Mais au-delà de toutes les hésitations des uns et l'intransigeance des autres, une chose est vraie que la classe politique congolaise, toutes tendances confondues, est consciente que même avec toutes les bonnes volontés du monde, il y a des problèmes techniques et financiers réels qui handicapent la bonne tenue des élections présidentielles et législatives justes et transparentes dans les délais prévus, en novembre 2016. Et que cela implique qu'il faille absolument trouver un moyen de les résoudre avant qu'il ne soit trop tard.

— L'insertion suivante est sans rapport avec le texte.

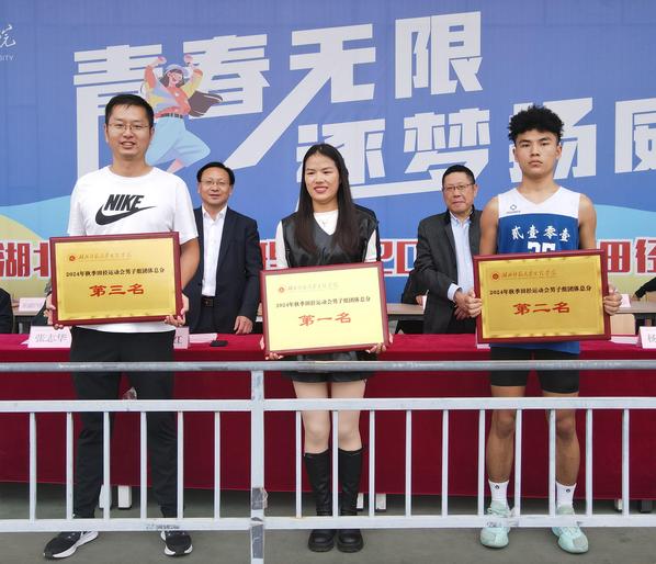 副校长张志华首先宣布了“体育道德风尚奖”和“优秀组织奖”得主,其中经济管理学部、理工学部、优能东风悦享汽车产业学院以及腾讯云大数据产业学院荣获“体育道德风尚奖”;迪科金融产业学院、教育与艺术学部以及人文学部荣获“优秀组织奖”。总裁判长何天畅宣布比赛成绩,迪科金融产业学院、翔宇航空产业学院以及人文学部分别斩获男子团体第一名、第二名、第三名;翔宇航空产业学院、人文学部以及迪科金融产业学院分别斩获女子团体第一名、第二名、第三名;翔宇航空产业学院、迪科金融产业学院、人文学部、东风悦享汽车产业学院、理工学部分别获得了团体总分的第一名、第二名、第三名、第四名和第五名。全体校领导为获奖集体颁奖。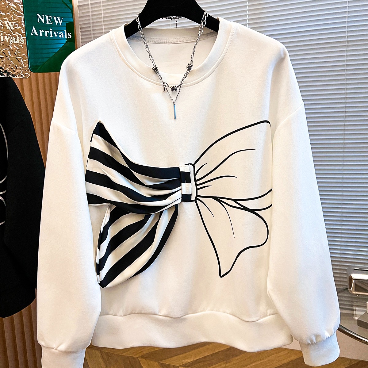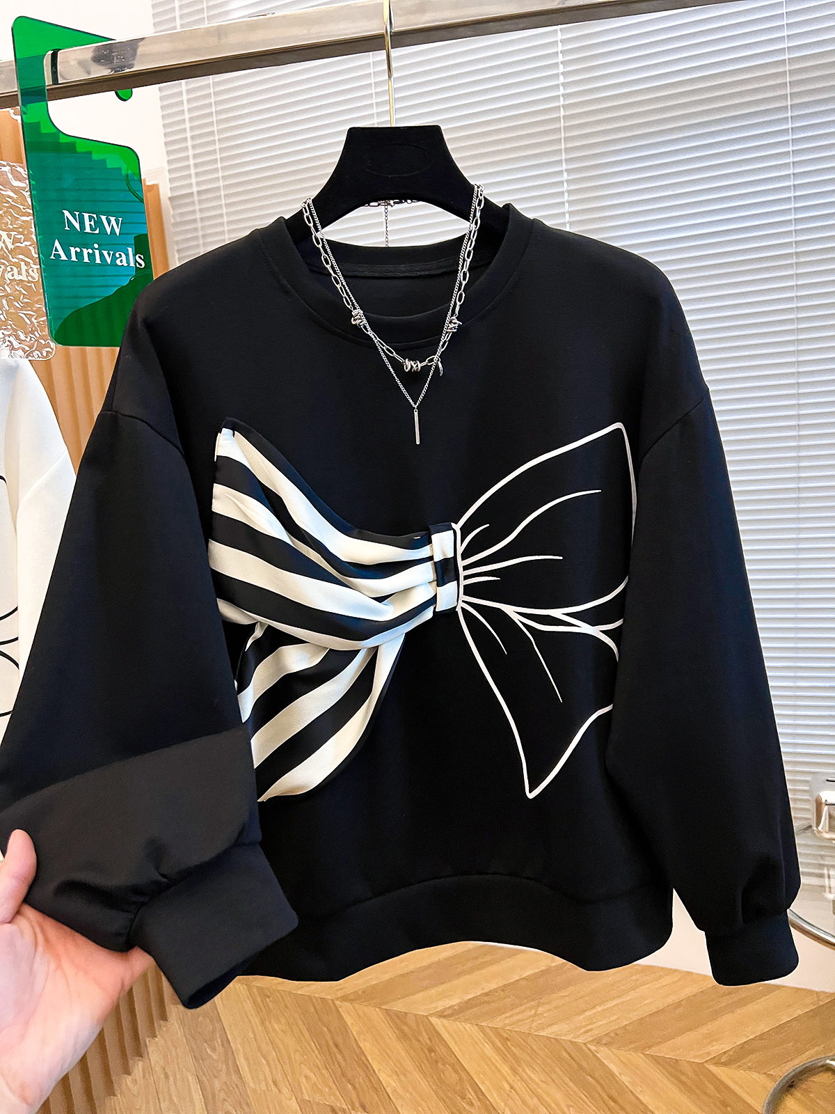 FA49824# 蝴蝶结长袖卫衣女秋季新款大码微胖mm设计感宽松显瘦套头短款上衣 服裝批發女裝批發服飾貨源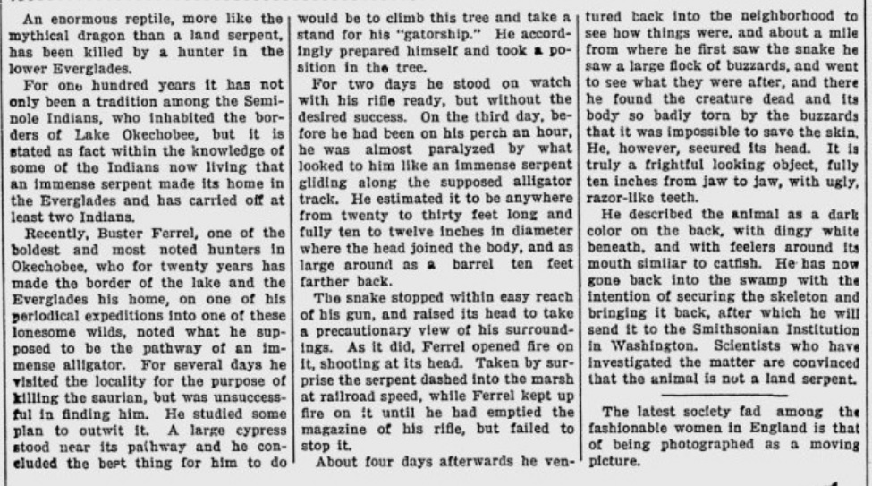 Everglades Florida Monster Slain in the Everglades Date: January 26, 2020Author: Karen Yvonne Hamilton 0 Comments FLORIDA MONSTER SLAIN IN THE EVERGLADESClinton Morning Age, Clinton, Iowa. Sunday, January 5, 1902 Share this: Click to share on X (Opens in new window) X Click to share on Facebook (Opens in new window) Facebook Click to share on LinkedIn (Opens in new window) LinkedIn Click to share on Reddit (Opens in new window) Reddit Click to share on Tumblr (Opens in new window) Tumblr Click to share on Pinterest (Opens in new window) Pinterest Click to print (Opens in new window) Print Click to share on WhatsApp (Opens in new window) WhatsApp Click to email a link to a friend (Opens in new window) Email Like Loading... Related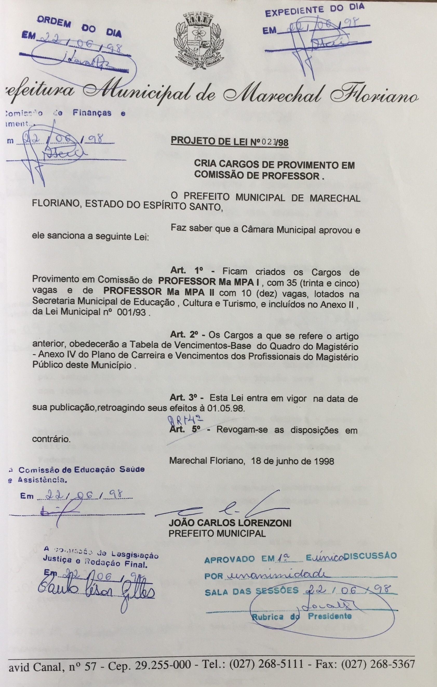 CRIA CARGOS DE PROVIMENTO EM COMISSÃO DE PROFESSOR.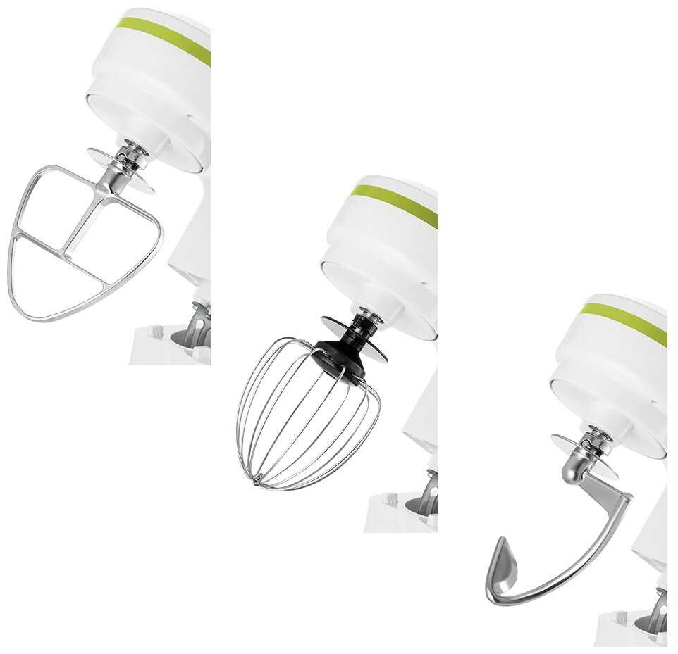 - Крюк для теста с дополнительной плоскостью: равномерно вымешивает крутое тесто, предотвращая наматывание на ось.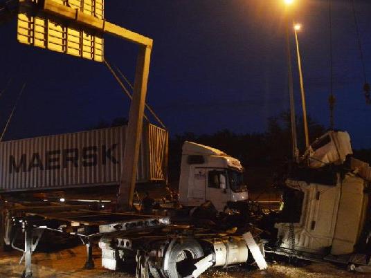 Edinilen bilgiye göre, sürücü Bülent Çaylak’(45) idaresindeki tır, sürücüsünün direksiyon hâkimiyetini kaybetmesi sonucu yol ayrımındaki tabela direğine çarparak durabildi. Çarpmanın etkisiyle tır hurda yığınına döndü.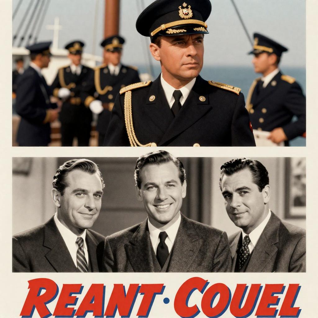 Vintage movie poster. Upper section: dark photograph of a ship with sailors on deck, one officer in foreground. Lower section: black-and-white photograph of three men in suits, one smiling. Bold red and blue at bottom.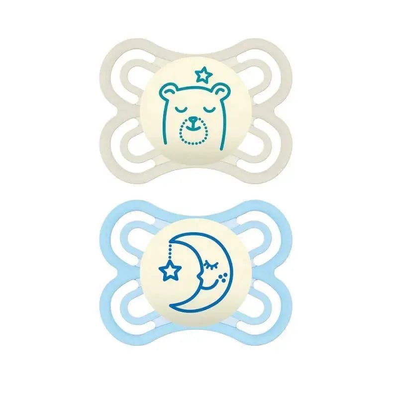 This pack includes 2 MAM blue and clear Glow-in-the-dark pacifiers from Perfect Night Collection, with bear and moon designs.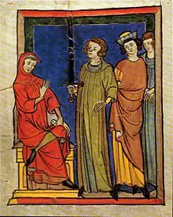 Eine ältere Schicht der Eintragungen ist systematisch nach Rechtsthemen gegliedert. Dazu gehören auch die dreizehn Miniaturen. Diese zeigen etwa die Huldigung des Erzbischofs von Köln oder die des Marschalls von Westfalen. Es gibt weiter Bilder von der Anklageerhebung vor dem städtischen Richter oder Illustrationen zu Viehraub, Hinrichtung durch Enthauptung, falschen Zeugen, die Zerstörung eines Hauses zu Strafzwecken, das Rädern, die Anklage von Dienern im Haus, die Gefangensetzung von Personen, falsches Spiel, Ausweisung aus der Stadt oder die Strafe des Wippens. Zu den meisten Miniaturen existieren passende Texte.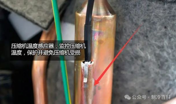 The fundamental way to avoid casing overheating and protect the compressor is to correctly handle the above-mentioned problems and install a temperature protector on the casing. The most commonly used casing temperature protector is placed in a suitable place on the casing. When the casing temperature is too high, the disc-shaped bimetallic strip senses the temperature and deforms, causing the contacts in the circuit to jump open and the compressor to stop.

Curieusement, au lieu de maximiser le peu de temps qui reste encore d'ici novembre 2016, pour débattre et trouver ensemble les compromis nécessaires aux questions majeures qui minent le processus électoral afin d'organiser des élections présidentielles apaisées, tous les acteurs politiques font semblant de ne rien savoir et attendent le jour J pour que ces problèmes soient réglés comme par un coup de baguette magique.

Quel gâchis de la part d'une classe politique qui s'oppose sans proposer des solutions idoines à la crise actuelle pour des lendemains meilleurs.

Dans un article que nous avions publié en juin dernier, dans le cadre du Bureau international d'études pour la paix et le développement (BIEPD), nous disions que dans le contexte en RDC, le dialogue entre la classe politique et les forces vives de la nation était l'approche la plus efficace de résolution pacifique et de prévention de la crise imminente qui se profile à l'horizon, et ce, conformément à la Constitution.

Renier l'opportunité de dialoguer équivaudrait à renier l'existence d'une crise politique latente aux conséquences imprévisibles. Si la classe politique pense qu'il n'est pas opportun d'engager un dialogue franc entre Congolais maintenant, pour régler les principaux problèmes pendants avant les élections de novembre 2016, alors elle a opté pour un suicide collectif, en acceptant inconsciemment la violation inévitablement de la Constitution.